I am needing to store easily parsable data in a file as an alternative to the database backed solution (not up for debate). Since its going to be storing lots of data, preferably it would be a lightweight syntax. This does not necessarily need to be human readable, but should be parsable. Note that there are going to be multiple types of fields/columns, some of which might be used and some of which won’t
From my limited experience without a database I see several options, all with issues
- CSV – I could technically do this, and it is very light. However the parsing would be an issue, and then it would suck if I wanted to add a column. Multi-language support is iffy, mainly people’s own custom parsers
- XML – This is the perfect solution from many fronts except when it comes to parsing and overhead. Thats a lot of tags and would generate a giant file, and parsing would be very resource consuming. However virtually every language supports XML
- JSON – This is the middle ground, but I don’t really want to do this as its an awkward syntax and parsing is non-trivial. Language support is iffy.

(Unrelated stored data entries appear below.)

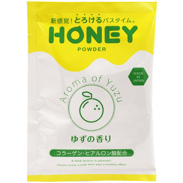 お風呂がまるごとローションに♪大人気のとろとろ入浴剤「honey」シリーズに、お手軽なパウダータイプの「ハニーパウダー ゆずの香り」が登場。●粉末タイプのとろとろ入浴剤●一回使い切りのパウチ入り(30g)●コンパクトサイズで携帯にも便利●お湯に溶かすだけのお手軽タイプ●3〜5分でローション風呂が完成●クセになるようなとろ〜り感触●爽やかな柑橘系ゆずの香り付き●コラーゲン&ヒアルロン酸配合●サッと洗い流せるので後処理も簡単。とろけるようなバスタイムをもっと手軽に♪お風呂がまるごとローションだったら…そんな願いをカタチにした大人気の入浴剤「honey」の粉末バージョン。お風呂に入れて混ぜるだけで、手軽にとろ〜りローション風呂が完成!お泊りデートや旅行にも携帯できるパウチ入りなので、贅沢な癒しのバスタイムをいつでも気軽にお楽しみいただけます。※【ご使用方法】浴槽にお湯150〜200Lを溜め、1包(30g)を入れてよくかき混ぜたら、3〜5分程度おいてからご入浴下さい。 |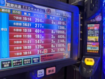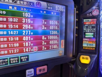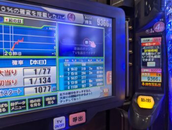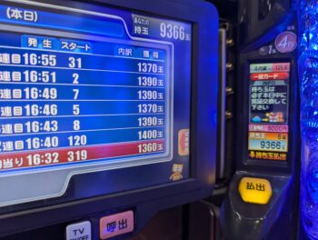 本日の初当り確率が、なんと1/134で大当たり確率は1/77でした。平均連チャン回数は、4.2連チャンでした。絶好調台でした。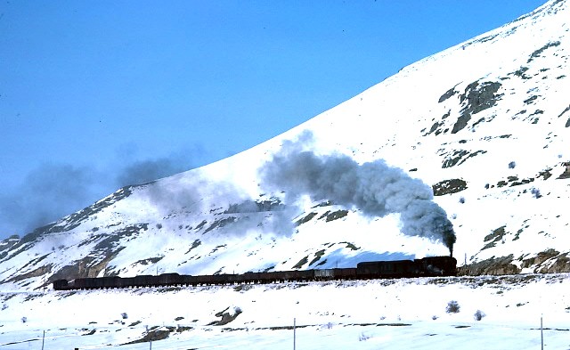 45000 east of Erzurum 26 March 1976. Clearly working very hard with its westbound train |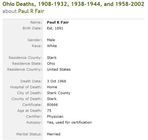Residences1896 - Ohio | 1900 - Sugar Creek, Stark, Ohio 1910 - Sugar Creek, Stark, Ohio 1920 - Bethlehem, Stark, Ohio 1930 - Bethlehem, Stark, Ohio |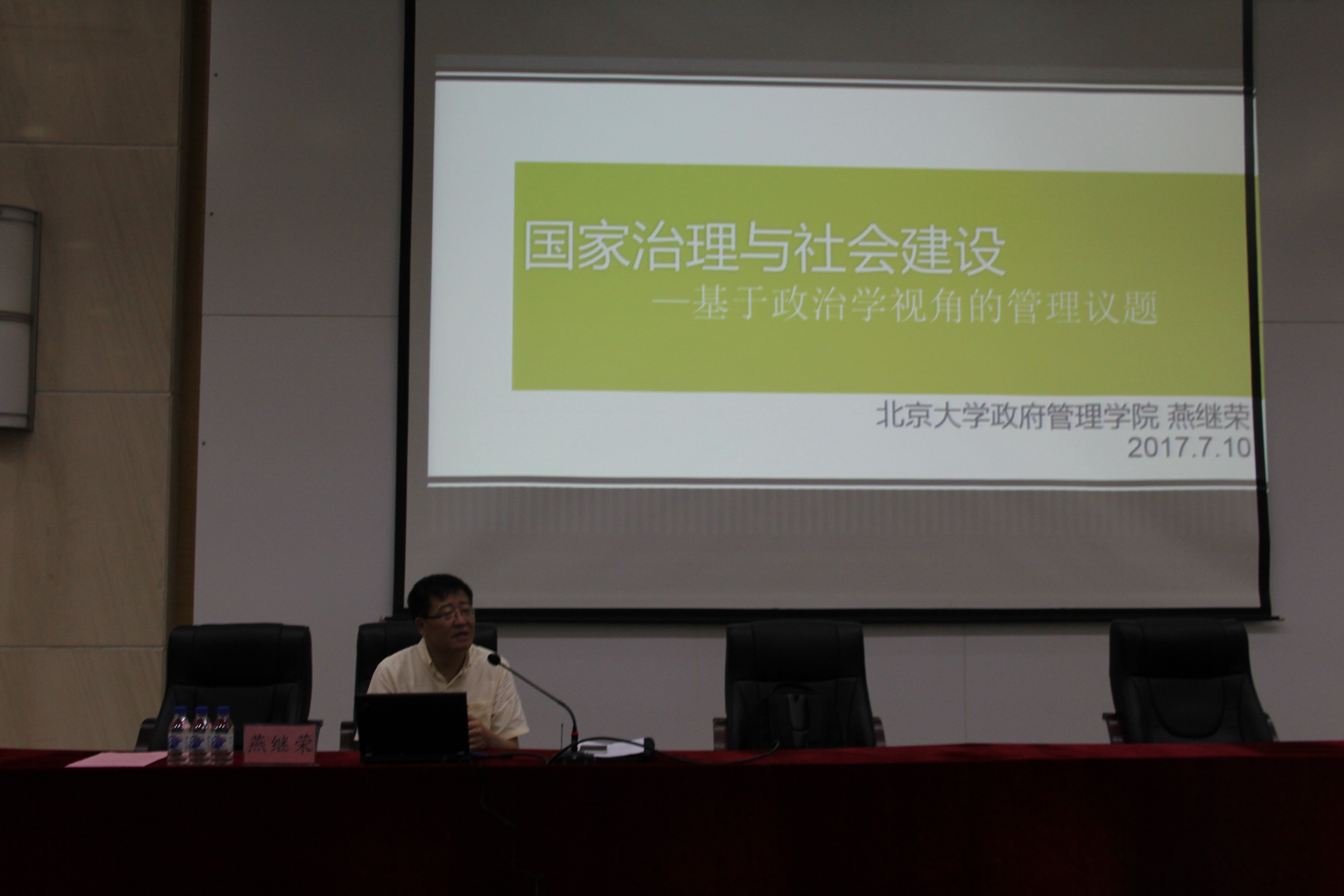 接着,全国MPA教指委副主任委员燕继荣教授为大会做基调报告。燕教授结合我国MPA教育事业的发展历程、面临的挑战以及MPA教指委的性质与任务,分析了MPA人才培养的目标与要求。燕教授同时结合自己多年的学术研究经历与我国目前面对的新党情、国情、社情,深入浅出地阐释了MPA员工应具有的“公共精神、法治理念、国际视野”的内涵与外延。

So all have their disadvantages. But what would be the best when trying to aim for language support AND somewhat small file size?
If you’re just using the basics of all these formats, all of the parsers are trivial. If CSV is an option, then for XML and JSON you’re talking blocks of name/value pairs, so there’s not even a recursive structure involved. json.org has support for pretty much any language.
That said.
I don’t see what the problem is with CSV. If people write bad parsers, then too bad. If you’re concerned about compatibility, adopt the default CSV model from Excel. Anyone that can’t parse CSV from Excel isn’t going to get far in this world. The weakest support you find in CSV is embedded newlines and carriage returns. If you data doesn’t have this, then it’s not a problem. Only other issue is embedded quotations, and those are escaped in CSV. If you don’t have those either, then its even more trivial.
As for “adding a column”, you have that problem with all of these. If you add a column, you get to rewrite the entire file. I don’t see this being a big issue either.
If space is your concern, CSV is the most compact, followed by JSON, followed by XML. None of the resulting files can be easily updated. They pretty much all would need to be rewritten for any change in the data. CSV has the advantage that it’s easily appended to, as there’s no closing element (like JSON and XML).